• **What is required**
Reproduce verbatim all of the data given below, but do not carry over the images.

Start of Dataset section

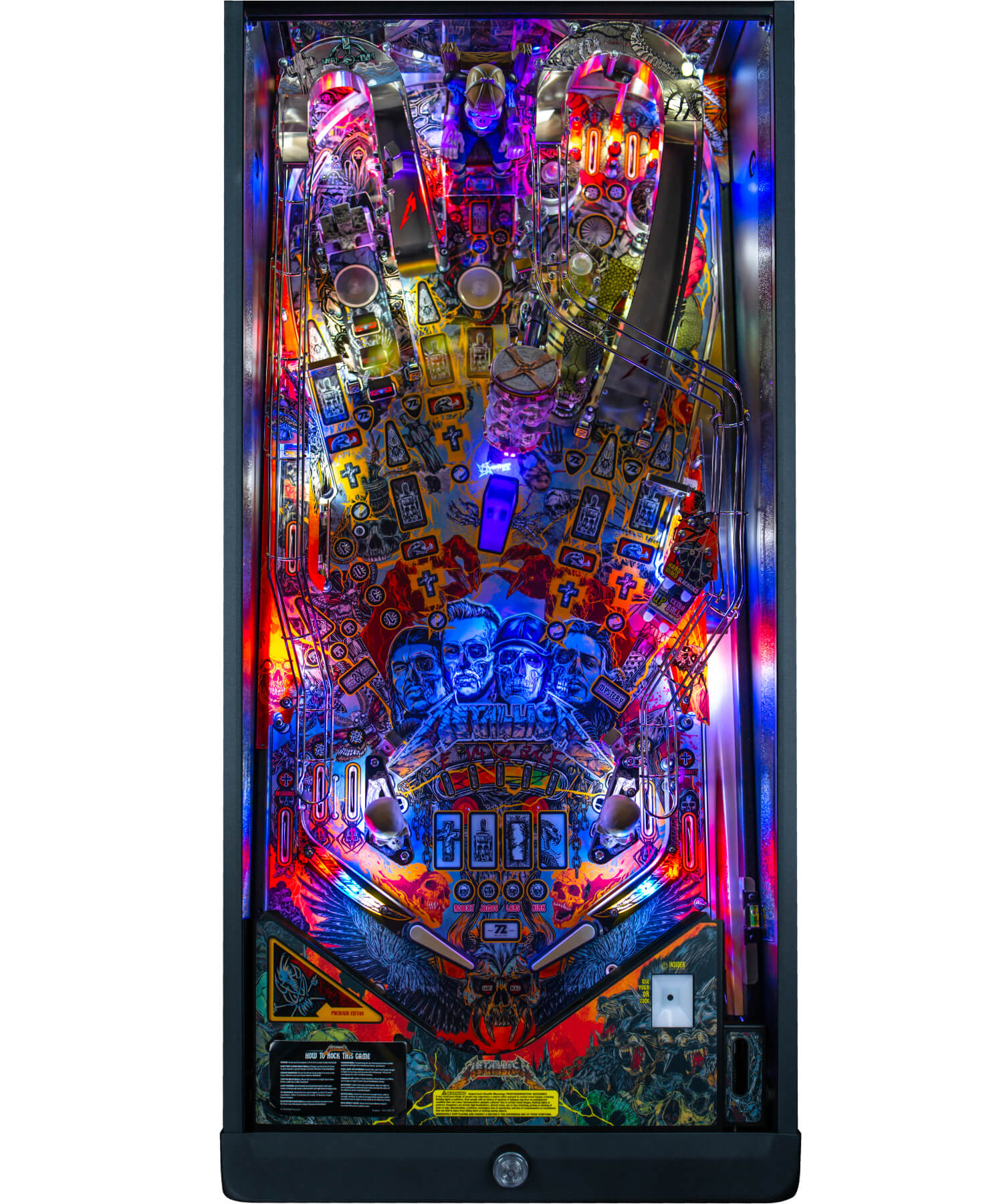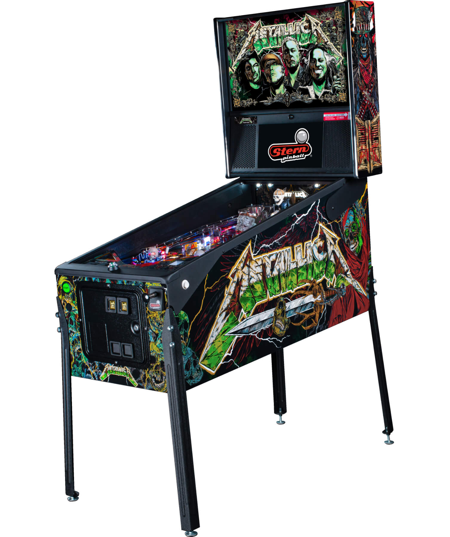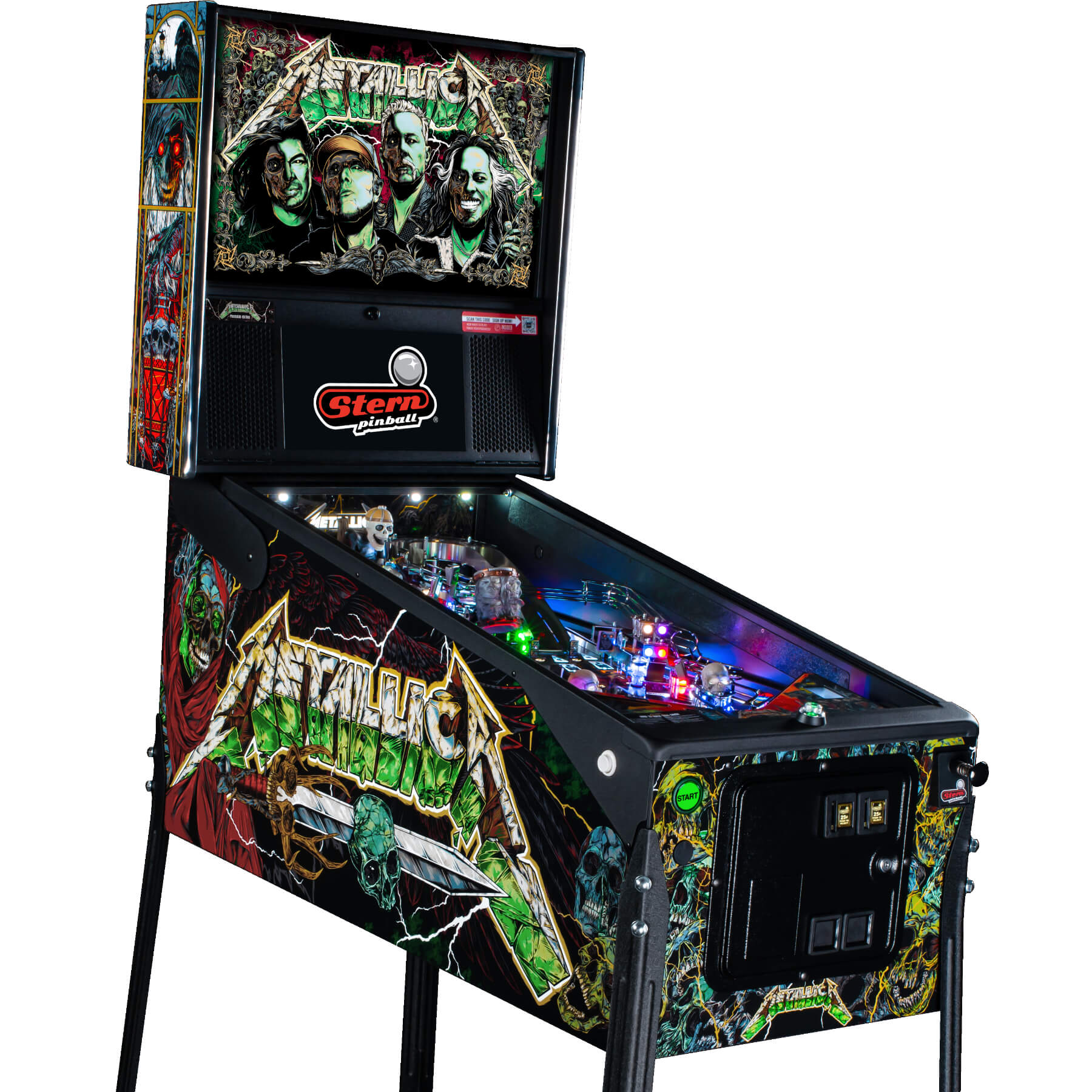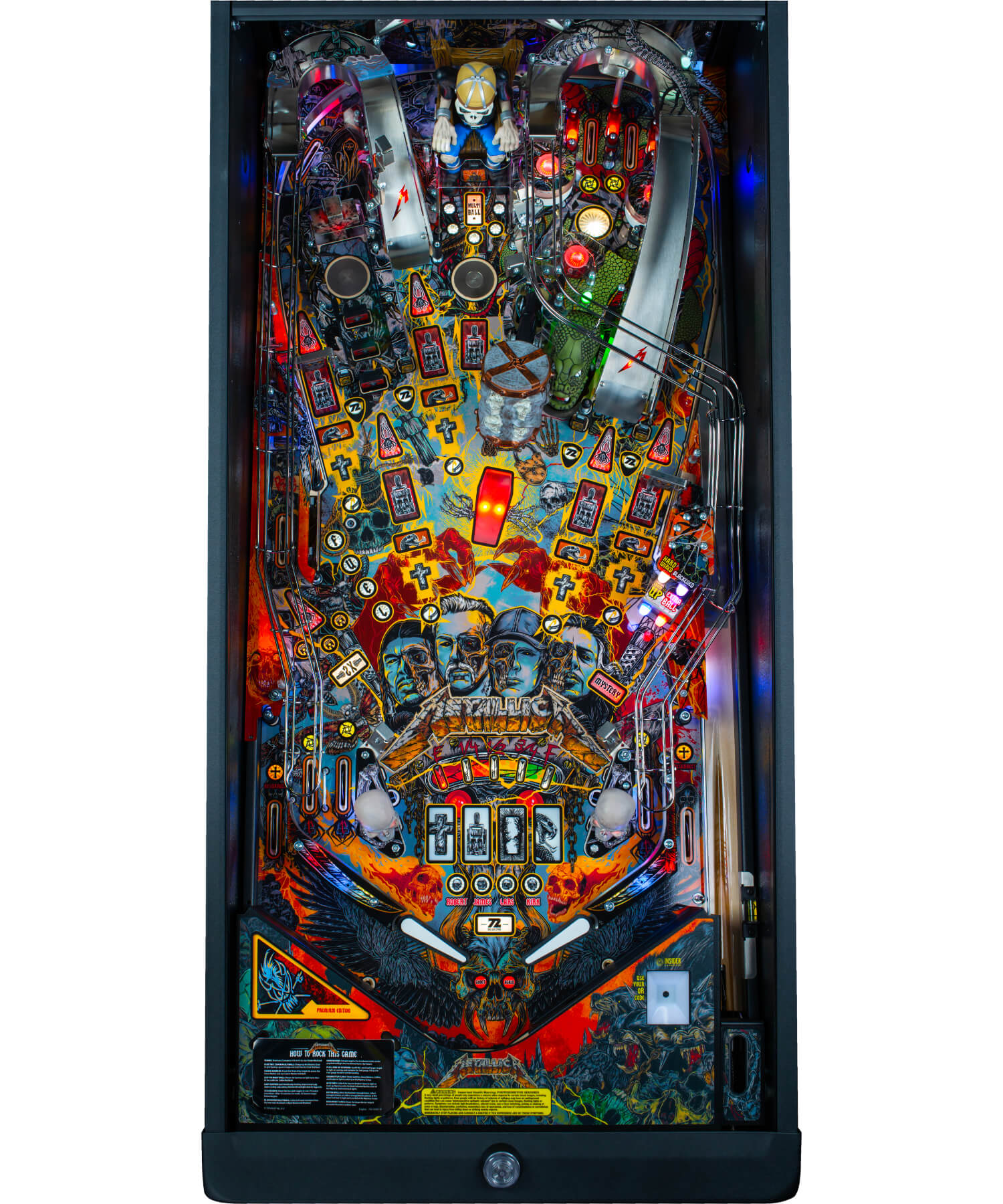 The Remastered Premium is resplendent in all-new high-definition graphic livery, especially drawn for the machine by Metallica's own artist, Rhys Cooper. The translite art crowns the machine with gorgeous artwork, also by Cooper. The cabinet is protected by black powder-coated armour on the sides, hinges, lockdown bar and the legs, plus a steel bottom arch and a Snap-Latch front molding, making internal access super-easy. The sound is important on a Metallica-themed machine and the Remastered Premium doesn't disappoint, with full stereo sound through a three-channel amp, with 10-band graphic EQ, fade adjustment and a line-out - so if you really want to max out that powerful soundtrack, you can hook it up to your own home audio setup!
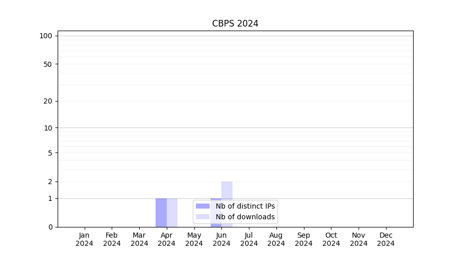 Number of downloads for experiment package CBPS, year by year, from 2025 back to 2014 (years with no downloads are omitted):
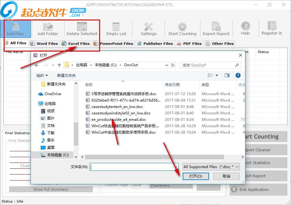 5、总而言之,只需是办公室文件和网页制作的文字文件,全是可以增加到这一款软件上统计篇幅的
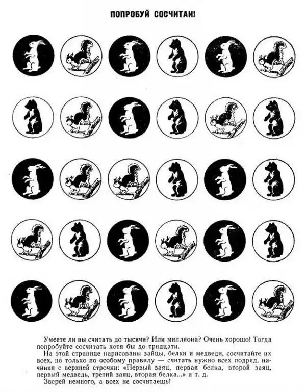 11 зайцев, 10 белок и 9 медведей, сосчитал меньше чем за минуту. Вот бредятина....

End of Dataset section

• **Response for this exercise**
 The Remastered Premium is resplendent in all-new high-definition graphic livery, especially drawn for the machine by Metallica's own artist, Rhys Cooper. The translite art crowns the machine with gorgeous artwork, also by Cooper. The cabinet is protected by black powder-coated armour on the sides, hinges, lockdown bar and the legs, plus a steel bottom arch and a Snap-Latch front molding, making internal access super-easy. The sound is important on a Metallica-themed machine and the Remastered Premium doesn't disappoint, with full stereo sound through a three-channel amp, with 10-band graphic EQ, fade adjustment and a line-out - so if you really want to max out that powerful soundtrack, you can hook it up to your own home audio setup!
 Number of downloads for experiment package CBPS, year by year, from 2025 back to 2014 (years with no downloads are omitted):
 5、总而言之,只需是办公室文件和网页制作的文字文件,全是可以增加到这一款软件上统计篇幅的
 11 зайцев, 10 белок и 9 медведей, сосчитал меньше чем за минуту. Вот бредятина....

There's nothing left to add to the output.